A brief biography of each person who serves as an executive officer or director follows below.

Executive Officers

M. Jay Allison has been our Chief Executive Officer since 1988. Mr. Allison was elected Chairman
of the Board in 1997 and has been a director since 1987. From 1988 to 2013, Mr. Allison served as our
President. From 1981 to 1987, he was a practicing oil and gas attorney with the firm of Lynch,
Chappell & Alsup in Midland, Texas. He received B.B.A., M.S. and J.D. degrees from Baylor University
in 1978, 1980 and 1981, respectively. Mr. Allison presently serves on the Board of Regents for Baylor
University.

Roland O. Burns has been our President since 2013, Chief Financial Officer since 1990, Secretary
since 1991 and a director since 1999. Mr. Burns served as our Senior Vice President from 1994 to 2013
and Treasurer from 1990 to 2013. From 1982 to 1990, Mr.
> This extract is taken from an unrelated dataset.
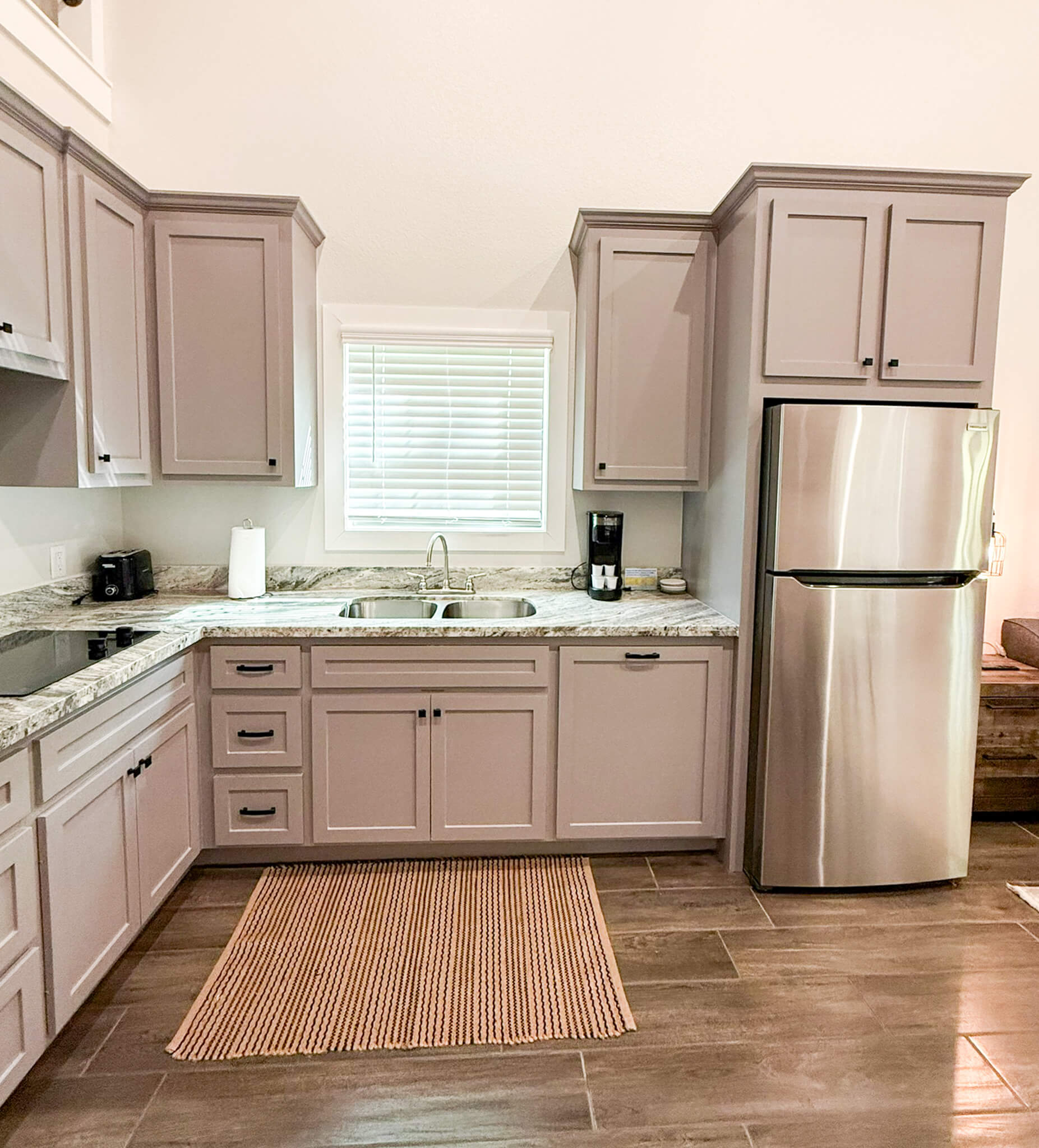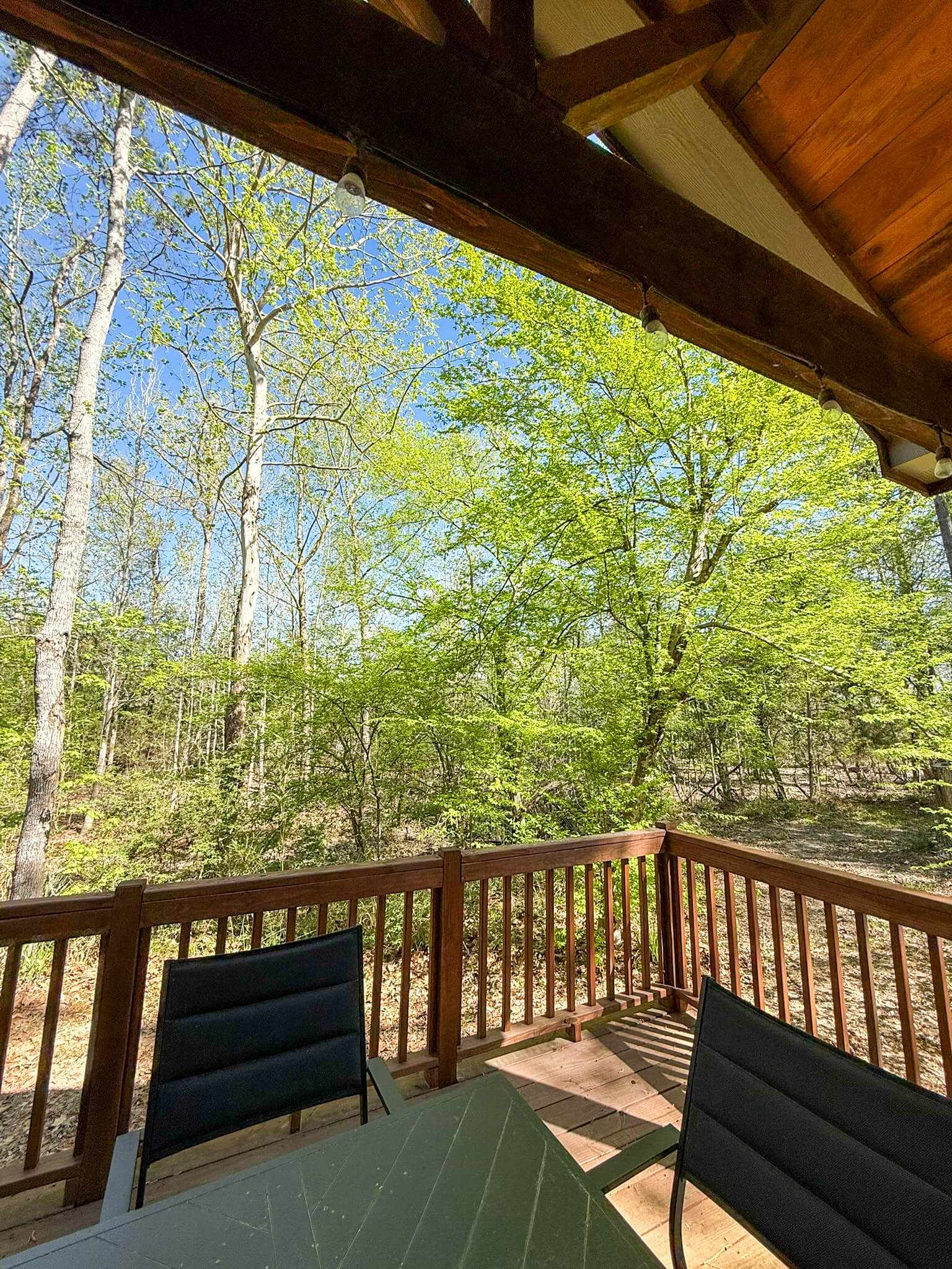 The back porch, just off the bedroom, invites you to relax and enjoy the tranquil surroundings. Inside, you’ll find a fully equipped kitchen and a comfortable living area, plus a propane grill for outdoor meals. Whether you’re exploring the beauty of the woods or unwinding in the cabin, Wanderer’s Cabin offers a peaceful, homey atmosphere for creating unforgettable memories.

Burns was employed by the public accounting
firm, Arthur Andersen. During his tenure with Arthur Andersen, Mr. Burns worked primarily in the firm’s
oil and gas audit practice. Mr. Burns received B.A. and M.A. degrees from the University of Mississippi
in 1982 and is a Certified Public Accountant. Mr. Burns also serves on the Board of Directors of the
Cotton Bowl Athletic Association and the University of Mississippi Foundation.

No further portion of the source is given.